Exercise input START

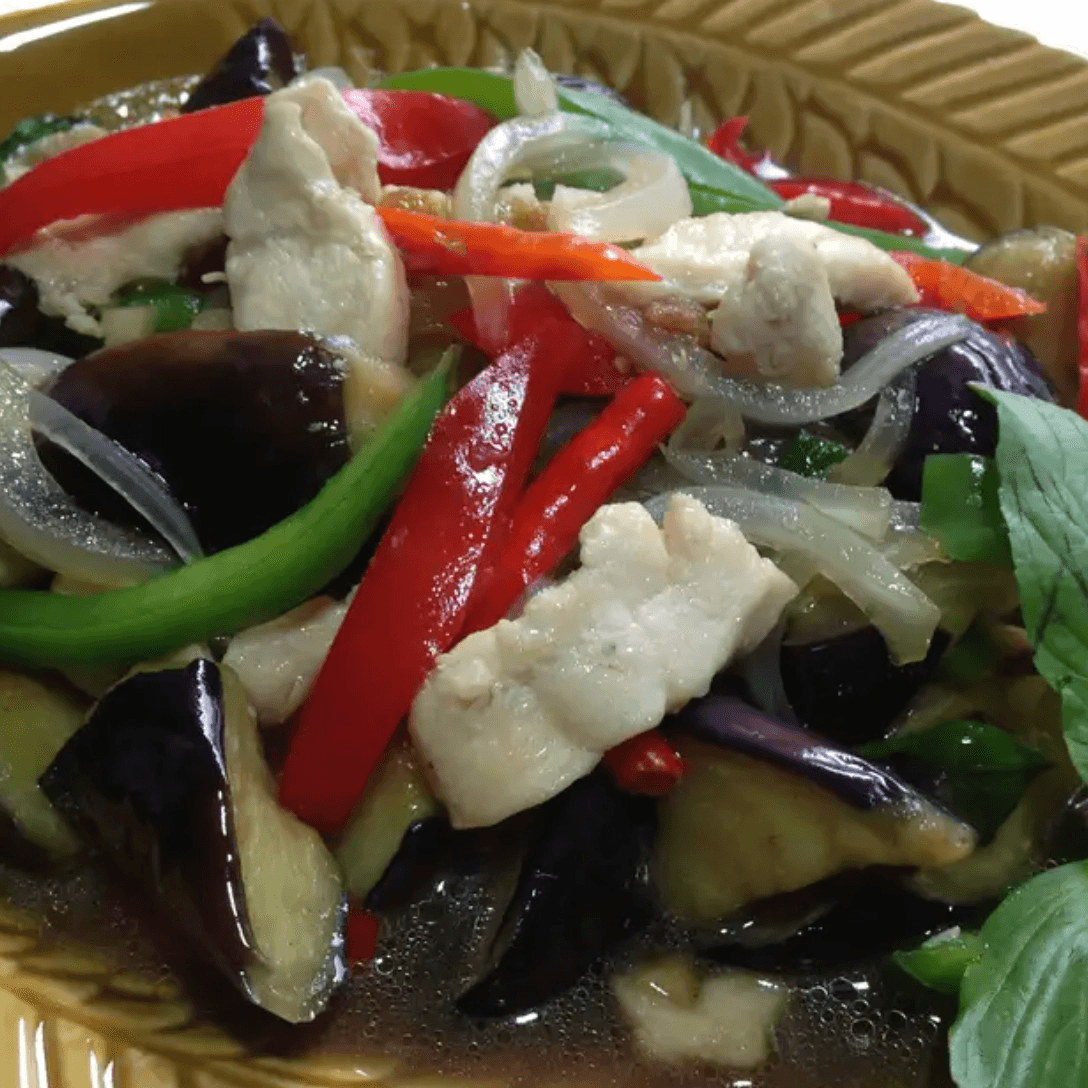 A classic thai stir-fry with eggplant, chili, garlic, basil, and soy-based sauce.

Exercise input END
Exercise input START

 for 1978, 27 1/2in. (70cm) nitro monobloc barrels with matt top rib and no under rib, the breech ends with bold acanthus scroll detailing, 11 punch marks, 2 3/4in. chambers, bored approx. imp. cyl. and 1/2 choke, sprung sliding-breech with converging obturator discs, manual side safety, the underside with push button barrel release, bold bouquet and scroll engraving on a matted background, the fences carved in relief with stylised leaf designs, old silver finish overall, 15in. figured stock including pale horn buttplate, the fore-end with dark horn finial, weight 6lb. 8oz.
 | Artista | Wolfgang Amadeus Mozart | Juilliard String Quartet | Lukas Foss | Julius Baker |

Exercise input END

* **Problem**
Everything above from the line containing "for 1978, 27" through the line containing "Julius Baker |" must be copied exactly. Nothing outside that range belongs in the answer.

* **Expected answer**
 for 1978, 27 1/2in. (70cm) nitro monobloc barrels with matt top rib and no under rib, the breech ends with bold acanthus scroll detailing, 11 punch marks, 2 3/4in. chambers, bored approx. imp. cyl. and 1/2 choke, sprung sliding-breech with converging obturator discs, manual side safety, the underside with push button barrel release, bold bouquet and scroll engraving on a matted background, the fences carved in relief with stylised leaf designs, old silver finish overall, 15in. figured stock including pale horn buttplate, the fore-end with dark horn finial, weight 6lb. 8oz.
 | Artista | Wolfgang Amadeus Mozart | Juilliard String Quartet | Lukas Foss | Julius Baker |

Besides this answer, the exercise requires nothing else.